● Exercise objective
From the line that contains "Вымыть и высушить" down to the last line of the data below, restate every line word for word, skipping any images.

#### Data excerpt

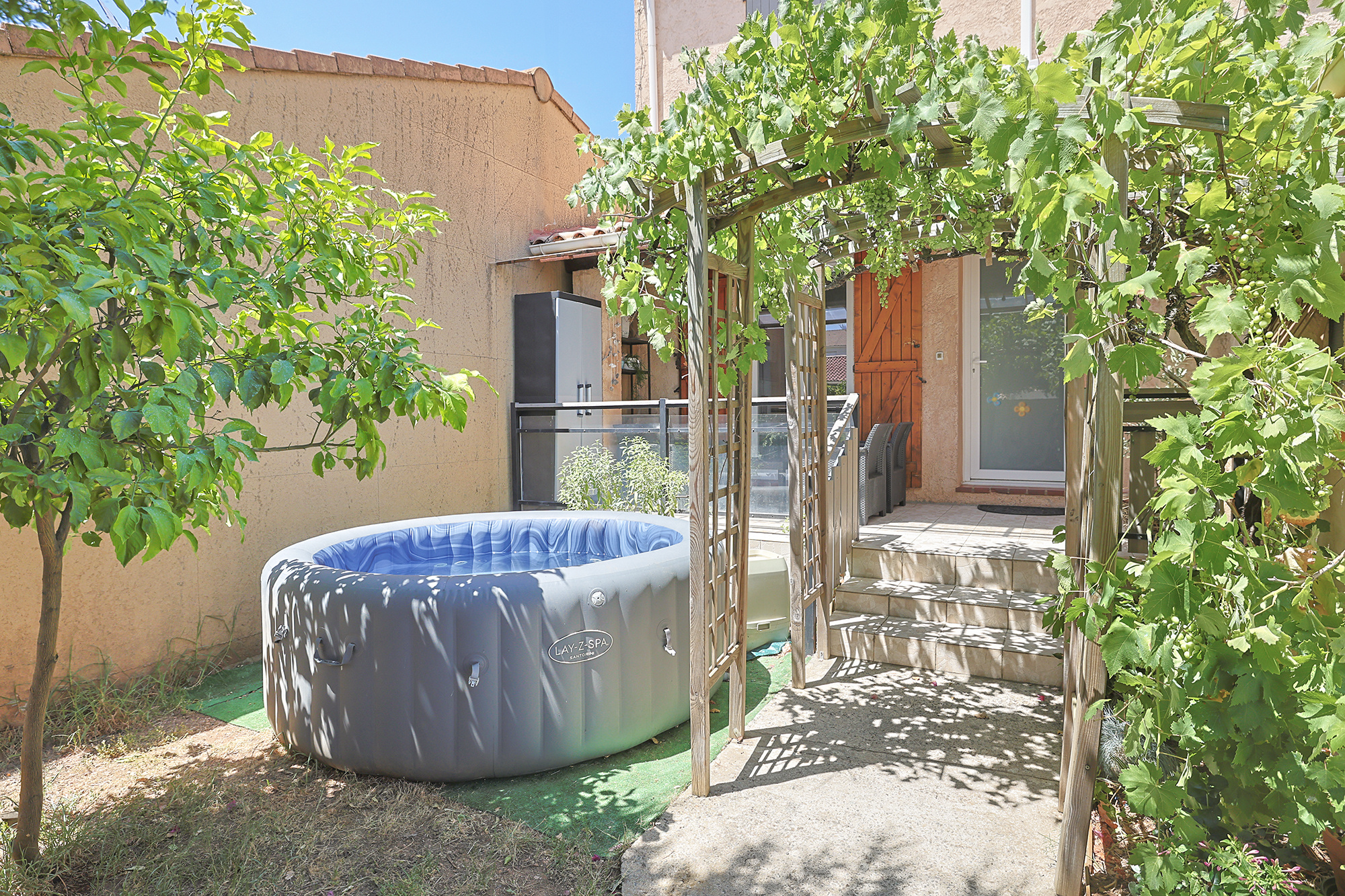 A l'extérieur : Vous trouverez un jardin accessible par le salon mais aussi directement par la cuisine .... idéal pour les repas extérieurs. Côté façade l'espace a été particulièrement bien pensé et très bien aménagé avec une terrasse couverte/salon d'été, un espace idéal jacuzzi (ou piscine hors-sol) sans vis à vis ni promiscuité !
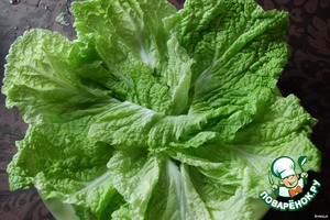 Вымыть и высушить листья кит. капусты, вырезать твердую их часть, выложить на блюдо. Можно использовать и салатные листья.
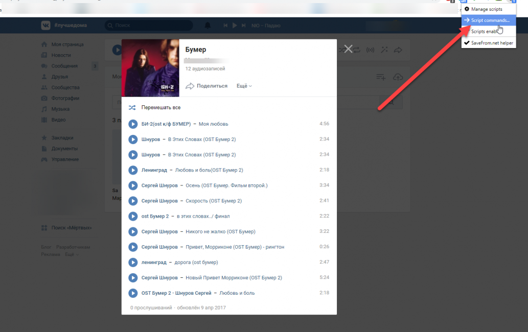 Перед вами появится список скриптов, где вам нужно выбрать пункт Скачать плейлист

########

● Output of the task
 Вымыть и высушить листья кит. капусты, вырезать твердую их часть, выложить на блюдо. Можно использовать и салатные листья.
 Перед вами появится список скриптов, где вам нужно выбрать пункт Скачать плейлист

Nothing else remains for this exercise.